Non-addressable clients are hosted on computers that, for reasons of network topology (i.e. NATs), security (i.e. firewalls), or whatever, cannot accept connections from systems outside their network. Although you can't connect to these machines from the outside, they themselves can create outbound connections. SOAP supports non-addressable clients by leveraging HTTP to take advantage of this fact. Non-addressable SOAP clients create an outbound connection to a server, send the request message over this connection, then read the corresponding response from that same connection (this response channel is sometimes referred to as "the HTTP back-channel"). This is why non-addressable clients operate synchronously. They have to use the connection they created to read the server's response because, by definition, it is impossible for the server to connect to them and send the response (as would happen in an asynchronous exchange). For readers accustomed to thinking in terms of synchronous communication this all seems par for the course, but wait, there's more.
WS-RM is built on the concepts of acknowledglements and retransmissions. One node (client, server, whatever) sends a message to another and waits for an acknowledgement. If it doesn't receive one it assumes the message didn't get through and sends it again. So, regardless of when you think you are going to receive a message and which connection you think you are going to receive that message over, something may go wrong (the connection might break) and WS-RM will retransmit the message at a later time over a different connection. This doesn't present a problem for non-addressable clients on the request side (where they control the creation of new connections) but it is a problem on the response side. Suppose you are a server in the process of sending a reliable response to a non-addressable client and the connection goes down. Obviously you are never going to get an acknowledgment for that response message so, as a WS-RM node, it is your responsibility to resend it. But how are you supposed to do that? You can't connect to the client and re-send the response because the client is not addressable.
Replay Redux
As I said earlier, the OASIS WS-RX Technical Committee created the WS-MakeConnection specification as a means of addressing this problem. WS-MakeConnection is a very important piece of technology as I will explain in a later article. Another solution that predates the work of the WS-RX TC is the use of "replays". The best description of the replay model is this whitepaper by WS02. Although this article describes the use of replay in the context of WS-RM 1.0, some implementations (most notably Microsoft® Windows Communication Foundation (WCF)) have extended this solution to include WS-RM 1.1. Replay takes advantage of the fact that non-addressable clients can create new outbound connections and uses the retransmission of a (possibly acknowledged) request to solicit the retransmission of the corresponding response. On the surface these seems like a reasonable approach but, as I will show, there are a number of serious technical issues around its implementation and use.

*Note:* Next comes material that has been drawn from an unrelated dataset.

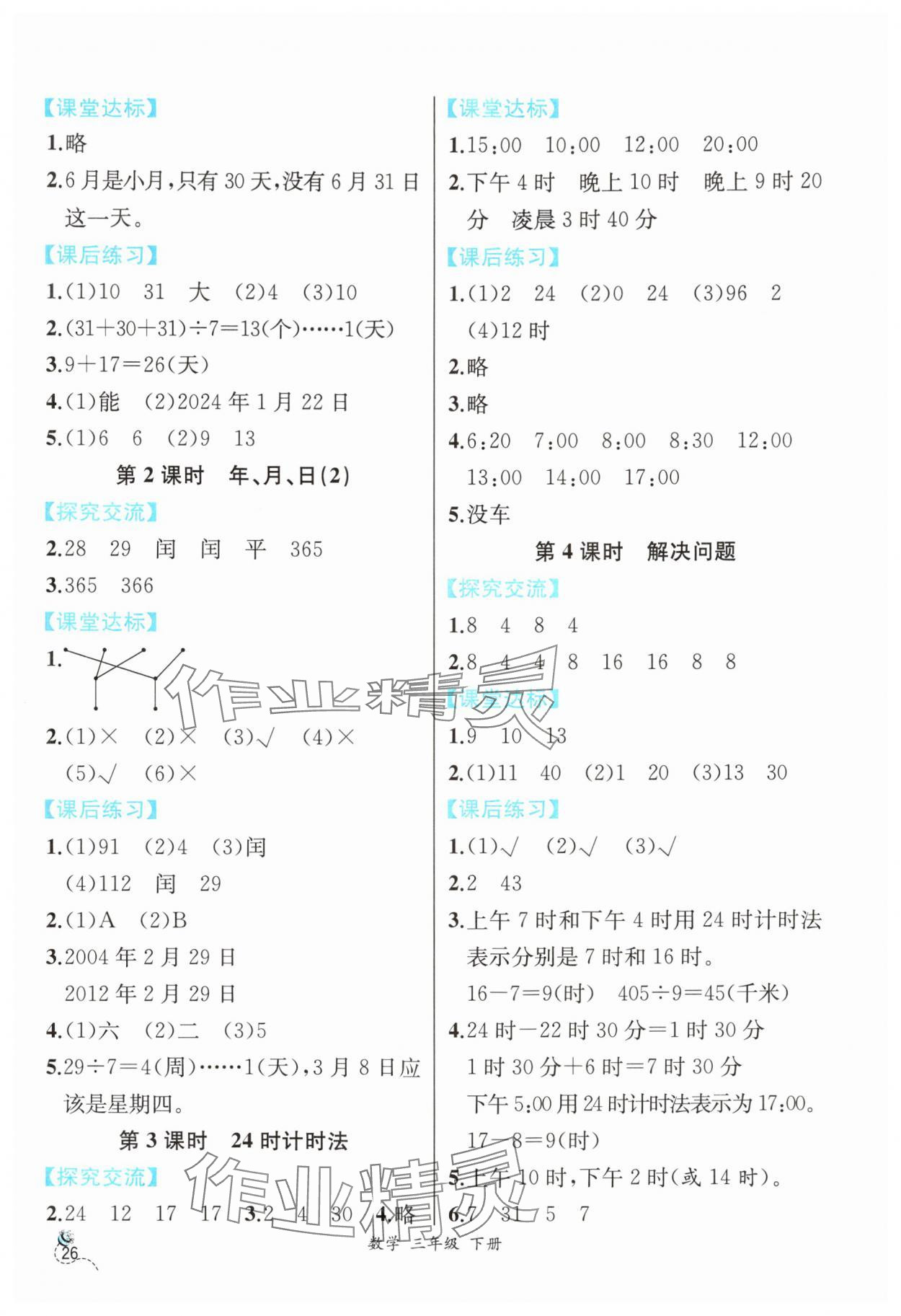2024年人教金学典同步解析与测评三年级数学下册人教版云南专版

Abstraction Layer Violations
One of the most serious issues with the implementation of the replay model is that it requires the RMS to be aware of the message exchange pattern of the messages it processes. To understand why this is so we need to review the normal processing sequence for an RMS. An RMS receives a message from the higher-level Application Source (AS). The RMS then transmits the request message to the RMD. Since the RMS is responsible for re-transmitting the request message it must store that message (in memory and/or on disk) until it receives an acknowledgment from the RMD. When the acknowledgment is received the RMS can "forget" about the message. Not so when replay is in effect. Because the replay model uses request messages as a prompt for lost response messages, the RMS must store requests until the corresponding response as been received even after the request itself has been acknowledged. But wait, what if there is no response message? What if the request message is the sole message in a one-way exchange? We obviously can't have the RMS storing these one-way messages forever, so the RMS needs to know whether the message it is processing is part of a request-response exchange or a one-way message.
OK, why is this such a big deal? To understand why this is an issue we need to think about the basic architecture of SOAP and the composability of web service specifications. One of SOAP's big claims is that you can add additional facilities (like reliability) in a way that is transparent to both the application and to any other facilities. Underlying this assertion is the notion that most SOAP stacks will implement some form of the chain of responsibility pattern. This means that the only parts of the SOAP processing pipeline that should be aware of the exchange pattern being used are the initiator and the ultimate receiver. Requiring the handler that implements WS-RM to know the exchange pattern in effect for the messages it handles runs counter to this entire architecture. Does that mean you couldn't hack around this problem in some way? Of course you could! But these kind of hacks are likely to work only in specific instances (i.e. when the WS-RM processor and the initiator share the same process space, etc.) and will, ultimately, lead to a SOAP stack that is buggy and fragile (or should I say "buggier and more fragile"?).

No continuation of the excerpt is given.